Of course, people might say the same thing about the Global Information Infrastructure -- a network of networks that transmits messages and images at the speed of light and on every continent --ultimately linking all human knowledge. Its creation is so revolutionary -- the changes it has wrought are so vast -- that even those of us who have worked on it for years cannot predict its full impact.

For all the stunning capabilities of the Global Information Infrastructure, we must remember that at its heart it is a way to deepen and extend our oldest, and most cherished global values: rising standards of living and literacy, an ever-widening circle of democracy, freedom, and individual empowerment. And above all, we must remember that -- especially in this global economy and Information Age -- we are all connected, from Minnesota to Mongolia, from Madrid to Mali.

That is what I want to talk about today. Thanks to the people in this room -- and people listening around the world -- this is truly an open moment in world history, a moment when we can come together across our communications networks to rediscover and renew our shared values - and build the 21st century our children deserve.

That is a vision that was not even imaginable back in 1947, when the International Telecommunication Union last met in the United States. That year, two scientists working at Bell Labs - John Bardeen and Walter Brattain -- made an amazing discovery. Using a little slab of germanium, a thin plastic wedge, a shiny strip of gold foil, and a make-shift spring fashioned from an old paper clip, they were able to boost an electrical signal by more than 450 times. They called their invention a "transistor."

Incidentally, one of those two scientists -- Walter Brattain -- first learned about quantum mechanics less than five miles from where we meet today, as a doctoral student at the University of Minnesota.

There are now more than half a billion transistors manufactured -- every second. Every hour, more than a trillion of them are packed into everything from computers to car engines, satellite systemsto gas pumps. Within two years, a single microchip will routinely contain one billion transistors -- and the patterns etched on them will be as complicated as a roadmap of the entire planet. Fifty years ago, it cost $5 for every transistor. Today, it costs 1/100th of a cent. In just a few years, it will cost a billionth of a cent.

I once used the old cliche with a college audience that if the automobile had made the same exponential advances as the transistor, a car would get 100,000 miles to the gallon and cost only 50 cents. And then one of the students in the first row said, "Sure, Mr. Vice President, but it would be less than a millimeter long."

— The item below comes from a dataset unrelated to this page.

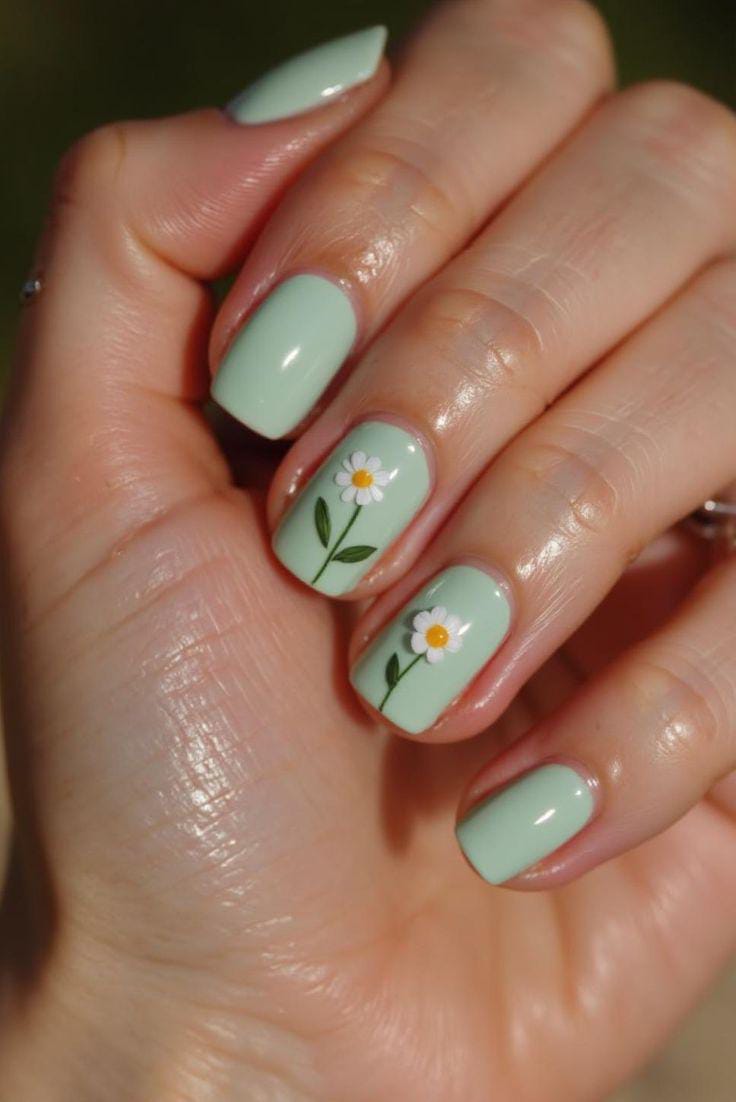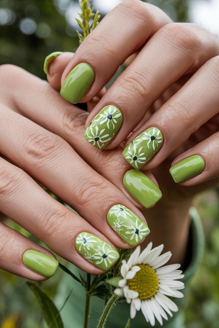 Soft lime-green nails keep things bright and minimal, while delicate white daisies add a cheerful floral touch. The look feels light, sunny, and effortlessly cute for summer days.

These new advances are allowing us to explore new frontiers -- from a galaxy 12 billion light years away to the smallest genetic switch inside a human cell. Within three weeks, the first of several brand new low-earth orbiting satellite systems will make it possible to make a phone call from any point on the earth's surface to any other point. Within three years, we will have high-speed wireless Internet access from anywhere on Earth.

Just two short years ago, the United States was able to land a rover on Mars equipped with an off-the-shelf wireless remote modem -- which prompted more than three-quarters of a billion hits on the Internet when those images were broadcast back to Earth. In the coming months, NASA will work with several of your governments to launch the new international space station, which is the size of two football fields.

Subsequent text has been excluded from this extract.